Not-Signed-off-by: Richard Henderson <richard.henderson@linaro.org>
---
tcg/tcg.c | 49 ++++++++++++++++++++++++++-------------
tcg/i386/tcg-target.c.inc | 13 ++++++++---
2 files changed, 43 insertions(+), 19 deletions(-)
diff --git a/tcg/tcg.c b/tcg/tcg.c
index a507c111cf..408647af7e 100644
--- a/tcg/tcg.c
+++ b/tcg/tcg.c
@@ -3618,23 +3618,40 @@ liveness_pass_1(TCGContext *s)
do_addsub2:
nb_iargs = 4;
nb_oargs = 2;
- /* Test if the high part of the operation is dead, but not
- the low part. The result can be optimized to a simple
- add or sub. This happens often for x86_64 guest when the
- cpu mode is set to 32 bit. */
- if (arg_temp(op->args[1])->state == TS_DEAD) {
- if (arg_temp(op->args[0])->state == TS_DEAD) {
- goto do_remove;
- }
- /* Replace the opcode and adjust the args in place,
- leaving 3 unused args at the end. */
- op->opc = opc = opc_new;
- op->args[1] = op->args[2];
- op->args[2] = op->args[4];
- /* Fall through and mark the single-word operation live. */
- nb_iargs = 2;
- nb_oargs = 1;
+ /*
+ * Test if the high part of the operation is dead, but the low
+ * part is still live. The result can be optimized to a simple
+ * add or sub.
+ */
+ if (arg_temp(op->args[1])->state != TS_DEAD) {
+ goto do_not_remove;
}
+ if (arg_temp(op->args[0])->state == TS_DEAD) {
+ goto do_remove;
+ }
+ /*
+ * Replace the opcode and adjust the args in place, leaving 3
+ * unused args at the end. Canonicalize subi to andi.
+ */
+ op->args[1] = op->args[2];
+ {
+ TCGTemp *src2 = arg_temp(op->args[4]);
+ if (src2->kind == TEMP_CONST) {
+ if (opc_new == INDEX_op_sub_i32) {
+ src2 = tcg_constant_internal(TCG_TYPE_I32,
+ (int32_t)-src2->val);
+ opc_new = INDEX_op_add_i32;
+ } else if (opc_new == INDEX_op_sub_i64) {
+ src2 = tcg_constant_internal(TCG_TYPE_I64, -src2->val);
+ opc_new = INDEX_op_add_i64;
+ }
+ }
+ op->args[2] = temp_arg(src2);
+ }
+ op->opc = opc = opc_new;
+ /* Mark the single-word operation live. */
+ nb_iargs = 2;
+ nb_oargs = 1;
goto do_not_remove;
case INDEX_op_mulu2_i32:
diff --git a/tcg/i386/tcg-target.c.inc b/tcg/i386/tcg-target.c.inc
index 0d97864174..39d03fa698 100644
--- a/tcg/i386/tcg-target.c.inc
+++ b/tcg/i386/tcg-target.c.inc
@@ -2544,8 +2544,14 @@ static inline void tcg_out_op(TCGContext *s, TCGOpcode opc,
c = ARITH_ADD;
goto gen_arith;
OP_32_64(sub):
- c = ARITH_SUB;
- goto gen_arith;
+ /*
+ * Should have canonicalized all constants to add.

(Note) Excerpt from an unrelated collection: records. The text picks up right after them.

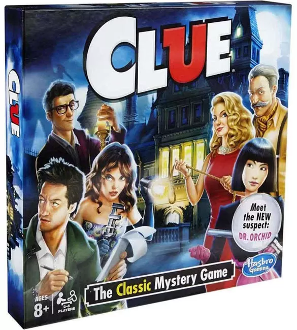 Sadržaj: 1 dvostrana tabla za igru, 6 figura, 6 mini oružja, 30 kartica likova, oružja, soba, dokaza, 2 kockice i uputstvo
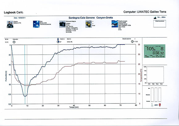 Uno stacco deciso dal fondo, e su verso una lunga decompressione ricca di abbracci di contentezza, di strette di mani e strane pacche sulle spalle ( in acqua non vengono bene ) , cambiando con la miscela intermedia 14/40, poi con un 25/25 per passare all’Ean 50 e chiudendo tutti a bandiera sul pedagno con ossigeno puro, assieme ai compagni di assistenza e ai nostri novantasette minuti di immersione. Alla sera, la grande ospitalità sarda ed il calore degli amici, ha soddisfatto tutti con una ottima cena, annaffiata finalmente da una buona dose di Mirto : l’indomani non si sarebbe potuto rifare il medesimo tuffo per le pessime condizioni del mare e ci siamo rifugiati tuffandoci alla grotta Bel Torrente, infilandoci per circa 350mt all’interno sotto il controllo di Stefano e Alberto. Esperienza inedita ed indimenticabile per alcuni di noi ! E’ passata anche la primavera ed è ritornata l’estate, con il consueto ritrovo con gli amici sardi: una sola occhiata…… un pensiero comune, forse rischioso
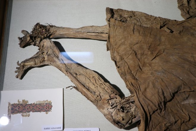Karaman Müzesi'nde sergilenen ve yaklaşık 14 asırdır bütünlüğünü büyük ölçüde koruyan genç kız cesedi, görenlerin dikkatini çekiyor.
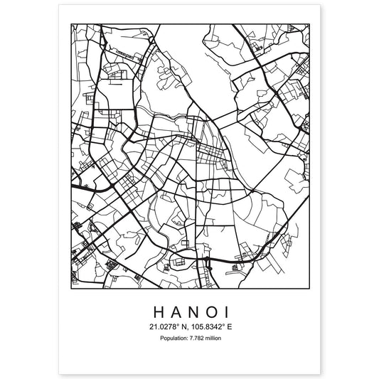 Lámina estilo nórdico del mapa de Hanoi en blanco y negro
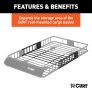 Even with the roomiest of vehicles, packing the car for a long trip can quickly turn into a frustrating game of Tetris. CURT cargo carriers are a simple yet effective solution for maximizing the storage area of your vehicle. The CURT roof rack cargo carrier is a roomy and versatile cargo carrier with a lightweight design and easy installation. It features a simple two-piece assembly and mounts to most styles of roof rack base rails. With its strong steel construction and durable black powder coat finish, it easily stands up to the tough trails and long miles ahead. One of the key advantages to the CURT roof rack carrier is its extension option. With this extension piece installed, the cargo rack goes from a little over ten square feet of storage room to an impressive 16 square feet, providing a lot of extra room for storing bulkier items. The roof rack cargo carrier readily accepts a CURT cargo net to get you packed up and on your way with less hassle.
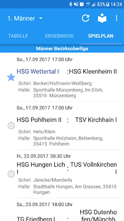 - Home Calendar to display the next home games of all HSG Wettertal Teams
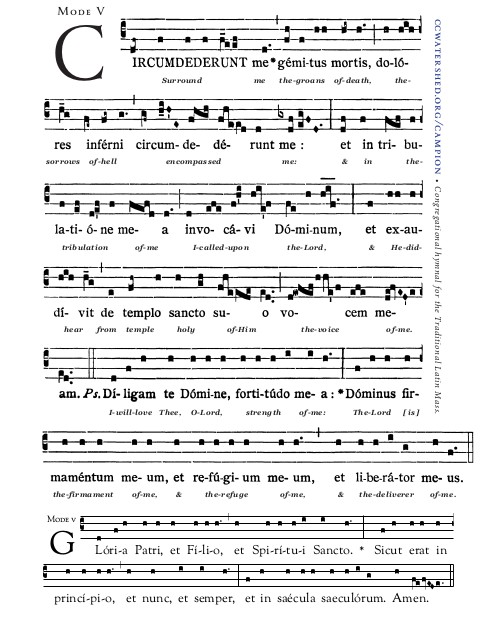 Circumdedérut me gémitus mortis, dolóres inférni circumdedérunt me : et in tribulatióne mea invocávi Dóminum, et exaudívit de templo sancto suo voce meam.+ 2-3 / Díligam te, Dómine, fortitúdo mea: Dóminus firmaméntum meum, et refúgium meum, et liberátor meus.

+ * Keep the constraint allowing any constant so that we catch this
+ * case without register allocation loading the constant first.
+ */
+ tcg_debug_assert(!const_a2);
+ tgen_arithr(s, ARITH_SUB + rexw, a0, a2);
+ break;
OP_32_64(and):
c = ARITH_AND;
goto gen_arith;
@@ -3325,7 +3331,6 @@ static TCGConstraintSetIndex tcg_target_op_def(TCGOpcode op)
return C_O1_I2(r, r, re);
case INDEX_op_sub_i32:
- case INDEX_op_sub_i64:
case INDEX_op_mul_i32:
case INDEX_op_mul_i64:
case INDEX_op_or_i32:
@@ -3333,6 +3338,8 @@ static TCGConstraintSetIndex tcg_target_op_def(TCGOpcode op)
case INDEX_op_xor_i32:
case INDEX_op_xor_i64:
return C_O1_I2(r, 0, re);
+ case INDEX_op_sub_i64:
+ return C_O1_I2(r, 0, ri);
case INDEX_op_and_i32:
case INDEX_op_and_i64:
--
2.34.1
On 26/10/23 03:39, Richard Henderson wrote:
> A release build should simply accept and emit the subtract.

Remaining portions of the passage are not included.